お父さんがいたらきっと叱られるだろう、だけど今はいないから問題なし。
「それにしても、よく共通点があったよね」
「共通点?」
「うん、夜道にたまたま出会っただけでしょ?」
「…………うん、そうだよ?」
嘘だった。
酔った勢いでー……なんて言えるわけがない。
私も怒られるだろうし、ジローさんへの矛先はもっと向いてしまうだろう。
嘘をつくのはとても申し訳ないけれど、そこは……ちょっとぼかしておきたい気分。
「どうやって付き合うことになったの?」
「それは……ジローさんからの告白が」
「夜道にたまたま出会っただけなのに? 行動力やばくない?」
う。そうなのだ。
きっかけの行為というか、肝心な部分を端折って説明している所為で、どうしても突飛な行動に思われてしまう。
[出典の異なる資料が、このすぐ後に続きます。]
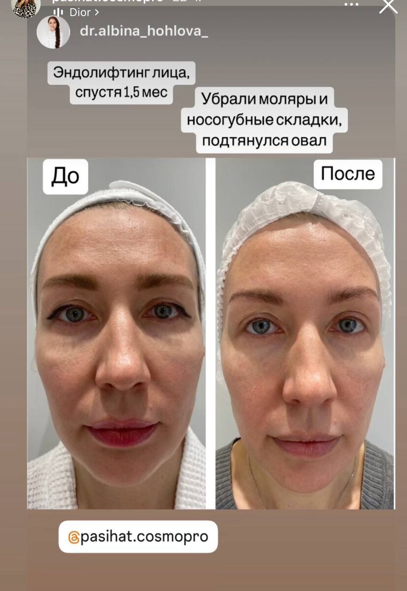 Фото не наши Когда то мне думалось об этом Эндолифт. Через прокол в коже вводится проволочка и изнутри происходит лазерная подтяжка лица . Стоит как и вся аппаратная косметология « как крыло самолета»))) Вот вчера писала про не фотошопленный результаты. Фото до после наших коллег после Эндолифт. Так выглядит реальный результат от процедуры ценой 70.000₽ на данном аппарате на худенькое лицо с подобным морфотипом. И это хороший результат. Уверена, что вживую женщина выглядит еще прекраснее и видит изменения. Но я с такими лицами люблю работать мезонитками. 🩷👌🏻
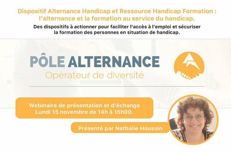 Replay du webinaire sur le Pôle Alternance réalisé le 15 novembre 2021, à l'occasion de la Semaine Européenne pour l’Emploi des Personnes Handicapées. Cette vidéo est présentée par Nathalie Houssin, coordinatrice du Pôle Alternance pour la Moselle.
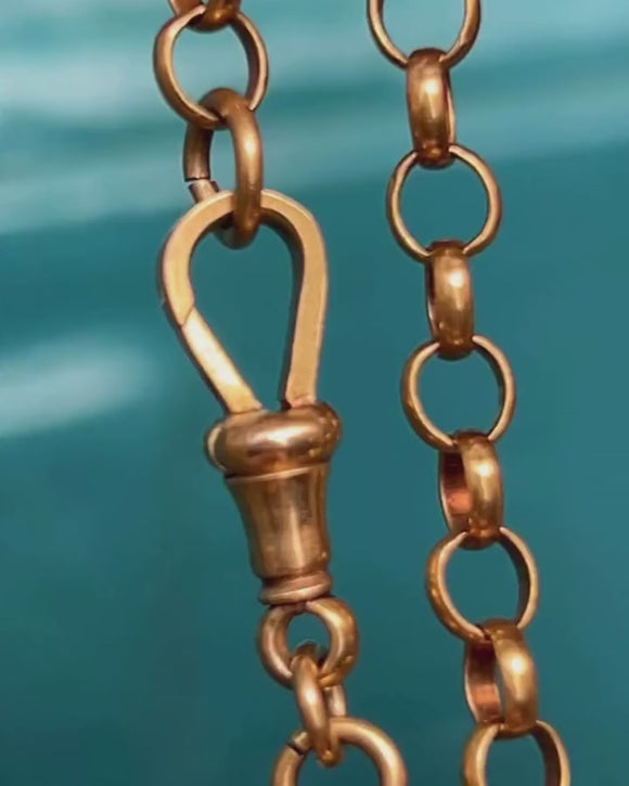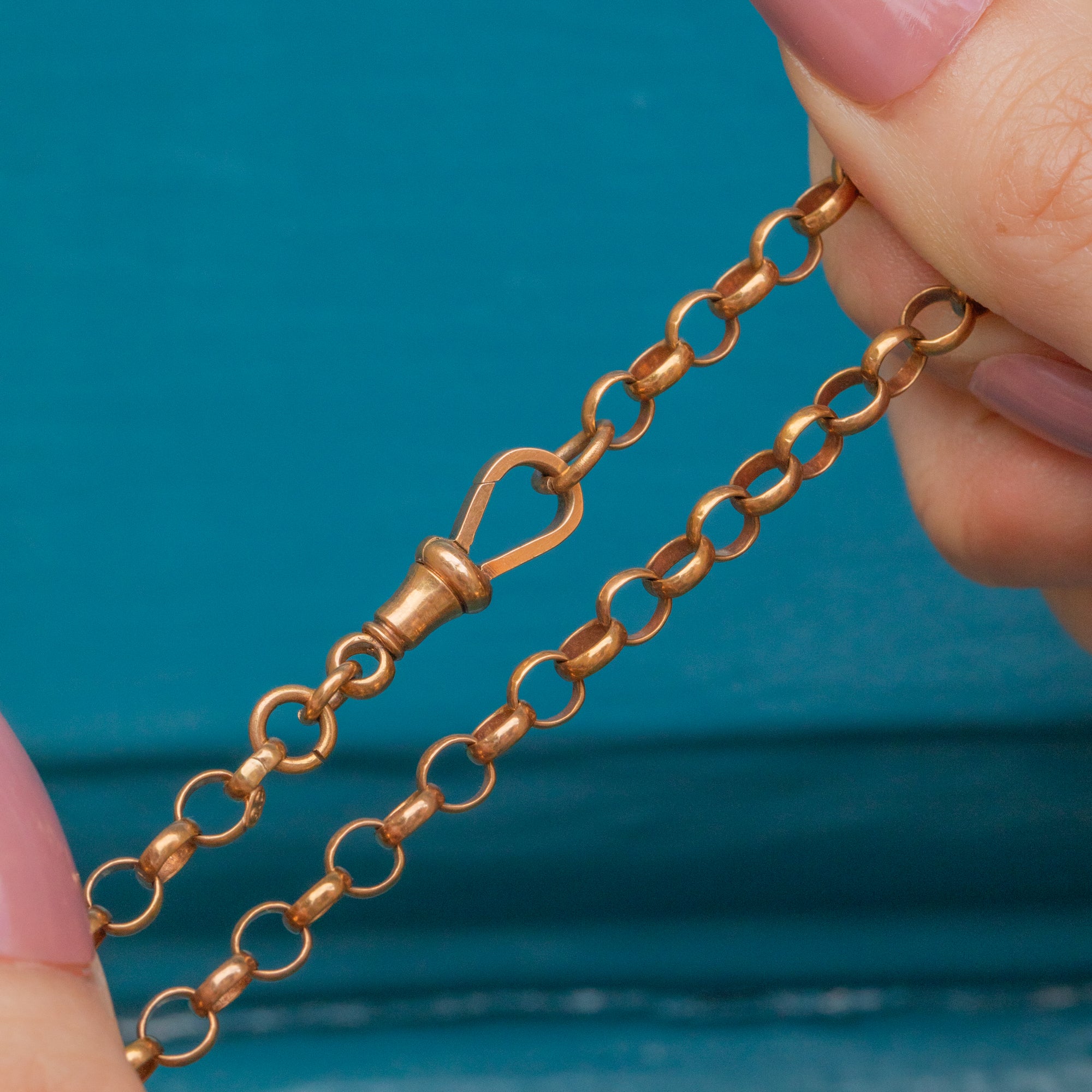 Formed of rich, champagne-kissed 9ct Gold, this antique Gold chain radiates warmth. With an antique dog clip, why not make her the focal point and use her to suspend a charm or two from?!

といっても……うーん…………言うわけにもー…………。
「はーちゃん、何か隠してるでしょ」
「ぴえっ!? な、何も隠してないよ!?」
「ずっと同じカップ磨いてるけど。隠し事する時の癖は治ってないんだね」
持ってるカップがいつも以上にピカピカだった。
咳払い一つ、カップを棚に仕舞う。
振り返る時には、とびっきりの笑顔で――
「みーちゃん、お代わりどう?」
「誤魔化すな。はーちゃんは誤魔化すのヘタだからすぐわかるよ」
「うぅ」
これは……もう、隠していられないのかもしれない。
「えっとね、その……」
かくかくしかじか。
全部を話し終わった後。
「はぁ~…………」
みーちゃんは大きな溜め息を吐いた。
「ごめんはーちゃん、ちょっと酷いこと言うよ。あんたバッカじゃないの?」
だよね、確かにそうだよね。
客観的にはそう見えるよね、だけど。
「でもねみーちゃん、私後悔してないよ?」
「そりゃそうでしょうよ、今現在進行形で付き合ってるんだから。でも別れたらどうなるの? 汚点でしか無くなるよ?」
気持ちは解る。だけどその言い方には少しムッと来る。
「別れないし、汚点にもならないよ。私はジローさんと出会ったこと後悔してないから」
「だってそれは、その人はどうしようもないくらい家事が絶望的だからでしょ? 尽くせるからでしょ? ………………あ、だから通い妻みたいに足繁く彼氏の家に行ってるの!?」
「ち、違うよっ! それはないっ!」
慌てて両手を何度も振る。話題が話題なだけに、きっと顔は真っ赤になっているだろう。
それでもみーちゃんの訝しげな視線は止まらない。
「そ……それ、一回だけだし……」
「は!? 猿になってんじゃないの!?」
「なっ、ならないよ!!」
「逆にどうなってんのよ!? 解脱でもしてんの!?」
そんな事言われても困る。とても困る。
興味がないわけではない。無いのだけれども。
自分で言うのはとても恥ずかしいものがある。だから言わないのだ。それが正しい、うん。
それに、ジローさんの家に行って家事をしてるとそれに集中してしまうというのもあるだろう、うんうん。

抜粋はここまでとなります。